**PROBLEM:**
Once the images are set aside, print the remaining lines below exactly.
##### RECORDS FOR PROCESSING
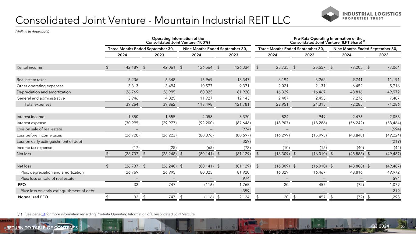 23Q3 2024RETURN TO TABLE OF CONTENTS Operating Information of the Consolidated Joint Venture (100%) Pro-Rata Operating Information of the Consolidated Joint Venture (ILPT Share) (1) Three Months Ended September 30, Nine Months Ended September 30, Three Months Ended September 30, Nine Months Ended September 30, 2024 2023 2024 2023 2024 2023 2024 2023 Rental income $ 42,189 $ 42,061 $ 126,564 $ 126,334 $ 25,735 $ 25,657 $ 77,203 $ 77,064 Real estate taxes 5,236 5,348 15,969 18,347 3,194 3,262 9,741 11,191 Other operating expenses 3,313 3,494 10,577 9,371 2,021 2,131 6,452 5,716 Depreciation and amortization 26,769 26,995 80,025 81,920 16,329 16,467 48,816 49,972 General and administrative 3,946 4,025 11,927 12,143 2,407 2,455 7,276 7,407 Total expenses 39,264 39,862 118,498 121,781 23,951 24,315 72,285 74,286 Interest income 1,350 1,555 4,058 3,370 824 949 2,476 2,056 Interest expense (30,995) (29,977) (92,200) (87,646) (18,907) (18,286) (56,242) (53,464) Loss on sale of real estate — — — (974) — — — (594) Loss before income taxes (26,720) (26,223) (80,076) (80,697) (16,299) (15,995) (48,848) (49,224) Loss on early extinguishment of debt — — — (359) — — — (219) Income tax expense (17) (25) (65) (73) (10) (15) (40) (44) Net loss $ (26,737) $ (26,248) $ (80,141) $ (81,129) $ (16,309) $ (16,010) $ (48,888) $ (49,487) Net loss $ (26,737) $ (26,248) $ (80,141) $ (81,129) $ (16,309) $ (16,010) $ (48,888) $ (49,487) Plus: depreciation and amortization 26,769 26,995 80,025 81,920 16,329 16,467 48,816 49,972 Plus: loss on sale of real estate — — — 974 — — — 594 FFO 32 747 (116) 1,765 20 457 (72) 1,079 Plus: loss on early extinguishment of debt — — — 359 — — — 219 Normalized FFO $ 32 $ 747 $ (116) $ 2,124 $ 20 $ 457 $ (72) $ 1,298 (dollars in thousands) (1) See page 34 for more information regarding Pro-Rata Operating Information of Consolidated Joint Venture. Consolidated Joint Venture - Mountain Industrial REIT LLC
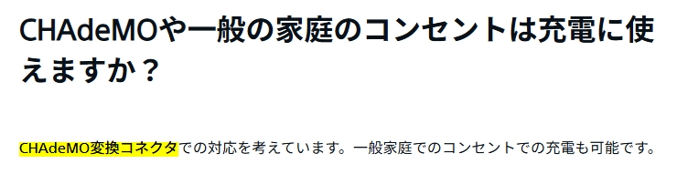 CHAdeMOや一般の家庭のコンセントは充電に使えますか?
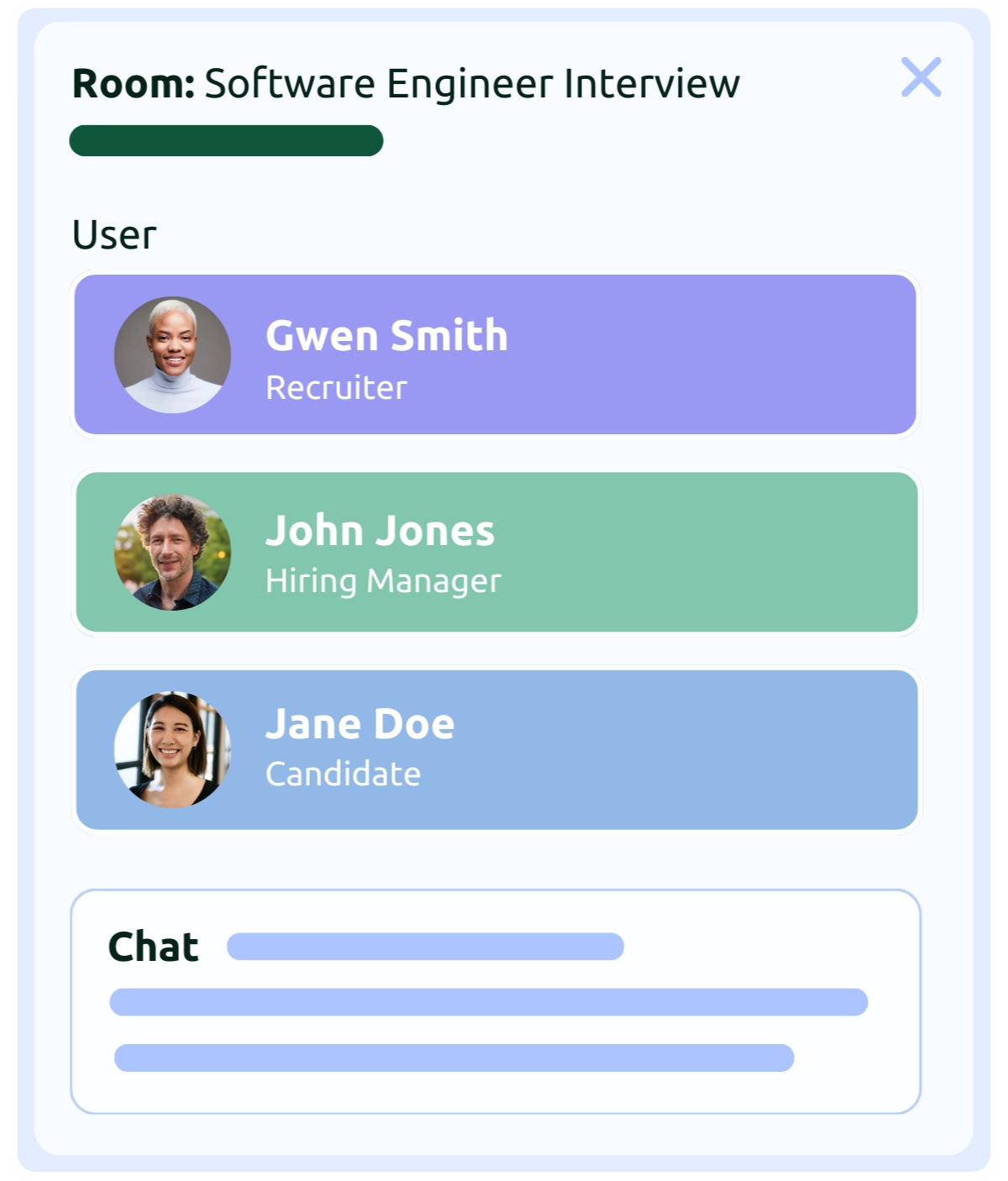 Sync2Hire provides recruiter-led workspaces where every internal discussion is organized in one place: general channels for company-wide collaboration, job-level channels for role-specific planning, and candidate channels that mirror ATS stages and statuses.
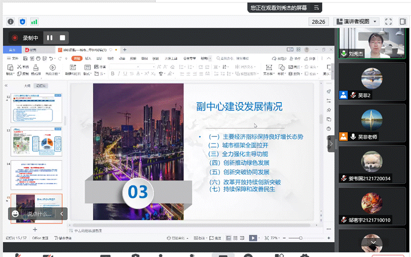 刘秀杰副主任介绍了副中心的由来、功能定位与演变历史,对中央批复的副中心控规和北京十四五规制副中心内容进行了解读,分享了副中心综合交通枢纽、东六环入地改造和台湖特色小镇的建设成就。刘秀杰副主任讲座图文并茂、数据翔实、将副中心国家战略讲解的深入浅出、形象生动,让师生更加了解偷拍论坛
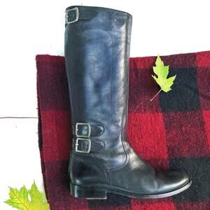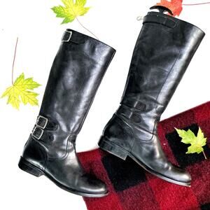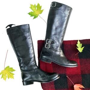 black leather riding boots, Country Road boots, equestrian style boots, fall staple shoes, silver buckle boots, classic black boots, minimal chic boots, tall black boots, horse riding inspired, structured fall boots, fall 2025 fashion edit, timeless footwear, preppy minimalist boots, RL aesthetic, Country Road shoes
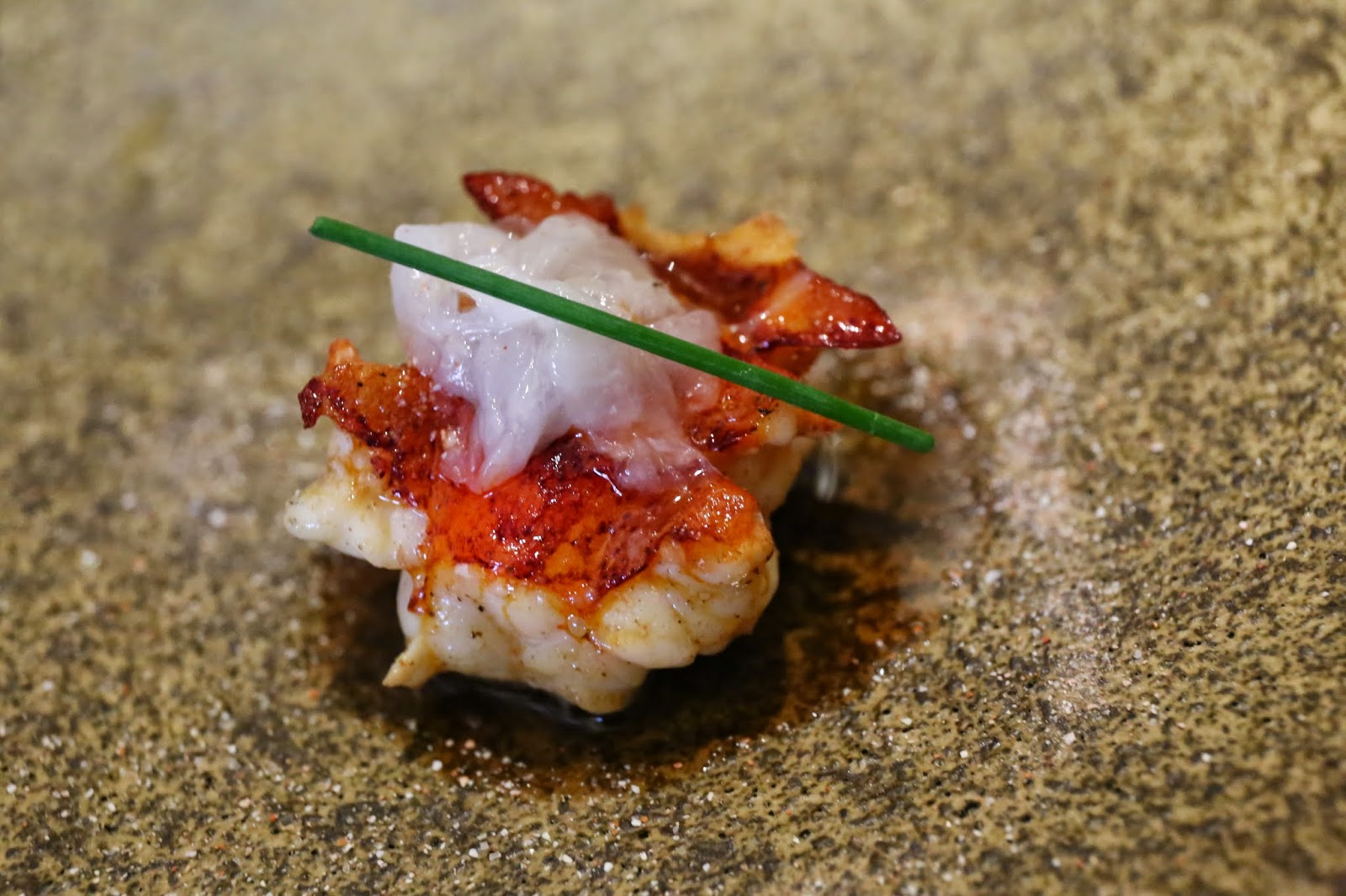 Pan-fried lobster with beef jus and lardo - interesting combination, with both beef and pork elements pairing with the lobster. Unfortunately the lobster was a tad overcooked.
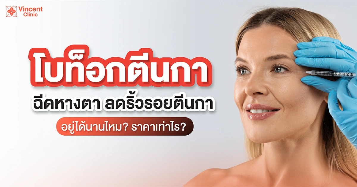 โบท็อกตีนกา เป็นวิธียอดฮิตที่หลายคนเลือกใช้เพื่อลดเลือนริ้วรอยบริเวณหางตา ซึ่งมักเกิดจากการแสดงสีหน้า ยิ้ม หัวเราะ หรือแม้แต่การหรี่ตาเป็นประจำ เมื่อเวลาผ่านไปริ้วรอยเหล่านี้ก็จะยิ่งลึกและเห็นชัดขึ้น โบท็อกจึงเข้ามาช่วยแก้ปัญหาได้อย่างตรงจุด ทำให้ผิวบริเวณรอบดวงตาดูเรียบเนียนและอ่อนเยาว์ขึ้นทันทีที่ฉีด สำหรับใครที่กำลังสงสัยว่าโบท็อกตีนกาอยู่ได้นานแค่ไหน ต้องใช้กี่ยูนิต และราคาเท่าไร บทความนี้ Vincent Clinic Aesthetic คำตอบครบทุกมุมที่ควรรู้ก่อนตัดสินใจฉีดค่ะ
##########
**OUTPUT FOR THIS TASK:**
 23Q3 2024RETURN TO TABLE OF CONTENTS Operating Information of the Consolidated Joint Venture (100%) Pro-Rata Operating Information of the Consolidated Joint Venture (ILPT Share) (1) Three Months Ended September 30, Nine Months Ended September 30, Three Months Ended September 30, Nine Months Ended September 30, 2024 2023 2024 2023 2024 2023 2024 2023 Rental income $ 42,189 $ 42,061 $ 126,564 $ 126,334 $ 25,735 $ 25,657 $ 77,203 $ 77,064 Real estate taxes 5,236 5,348 15,969 18,347 3,194 3,262 9,741 11,191 Other operating expenses 3,313 3,494 10,577 9,371 2,021 2,131 6,452 5,716 Depreciation and amortization 26,769 26,995 80,025 81,920 16,329 16,467 48,816 49,972 General and administrative 3,946 4,025 11,927 12,143 2,407 2,455 7,276 7,407 Total expenses 39,264 39,862 118,498 121,781 23,951 24,315 72,285 74,286 Interest income 1,350 1,555 4,058 3,370 824 949 2,476 2,056 Interest expense (30,995) (29,977) (92,200) (87,646) (18,907) (18,286) (56,242) (53,464) Loss on sale of real estate — — — (974) — — — (594) Loss before income taxes (26,720) (26,223) (80,076) (80,697) (16,299) (15,995) (48,848) (49,224) Loss on early extinguishment of debt — — — (359) — — — (219) Income tax expense (17) (25) (65) (73) (10) (15) (40) (44) Net loss $ (26,737) $ (26,248) $ (80,141) $ (81,129) $ (16,309) $ (16,010) $ (48,888) $ (49,487) Net loss $ (26,737) $ (26,248) $ (80,141) $ (81,129) $ (16,309) $ (16,010) $ (48,888) $ (49,487) Plus: depreciation and amortization 26,769 26,995 80,025 81,920 16,329 16,467 48,816 49,972 Plus: loss on sale of real estate — — — 974 — — — 594 FFO 32 747 (116) 1,765 20 457 (72) 1,079 Plus: loss on early extinguishment of debt — — — 359 — — — 219 Normalized FFO $ 32 $ 747 $ (116) $ 2,124 $ 20 $ 457 $ (72) $ 1,298 (dollars in thousands) (1) See page 34 for more information regarding Pro-Rata Operating Information of Consolidated Joint Venture. Consolidated Joint Venture - Mountain Industrial REIT LLC
 CHAdeMOや一般の家庭のコンセントは充電に使えますか?
 Sync2Hire provides recruiter-led workspaces where every internal discussion is organized in one place: general channels for company-wide collaboration, job-level channels for role-specific planning, and candidate channels that mirror ATS stages and statuses.
 刘秀杰副主任介绍了副中心的由来、功能定位与演变历史,对中央批复的副中心控规和北京十四五规制副中心内容进行了解读,分享了副中心综合交通枢纽、东六环入地改造和台湖特色小镇的建设成就。刘秀杰副主任讲座图文并茂、数据翔实、将副中心国家战略讲解的深入浅出、形象生动,让师生更加了解偷拍论坛
 black leather riding boots, Country Road boots, equestrian style boots, fall staple shoes, silver buckle boots, classic black boots, minimal chic boots, tall black boots, horse riding inspired, structured fall boots, fall 2025 fashion edit, timeless footwear, preppy minimalist boots, RL aesthetic, Country Road shoes
 Pan-fried lobster with beef jus and lardo - interesting combination, with both beef and pork elements pairing with the lobster. Unfortunately the lobster was a tad overcooked.
 โบท็อกตีนกา เป็นวิธียอดฮิตที่หลายคนเลือกใช้เพื่อลดเลือนริ้วรอยบริเวณหางตา ซึ่งมักเกิดจากการแสดงสีหน้า ยิ้ม หัวเราะ หรือแม้แต่การหรี่ตาเป็นประจำ เมื่อเวลาผ่านไปริ้วรอยเหล่านี้ก็จะยิ่งลึกและเห็นชัดขึ้น โบท็อกจึงเข้ามาช่วยแก้ปัญหาได้อย่างตรงจุด ทำให้ผิวบริเวณรอบดวงตาดูเรียบเนียนและอ่อนเยาว์ขึ้นทันทีที่ฉีด สำหรับใครที่กำลังสงสัยว่าโบท็อกตีนกาอยู่ได้นานแค่ไหน ต้องใช้กี่ยูนิต และราคาเท่าไร บทความนี้ Vincent Clinic Aesthetic คำตอบครบทุกมุมที่ควรรู้ก่อนตัดสินใจฉีดค่ะ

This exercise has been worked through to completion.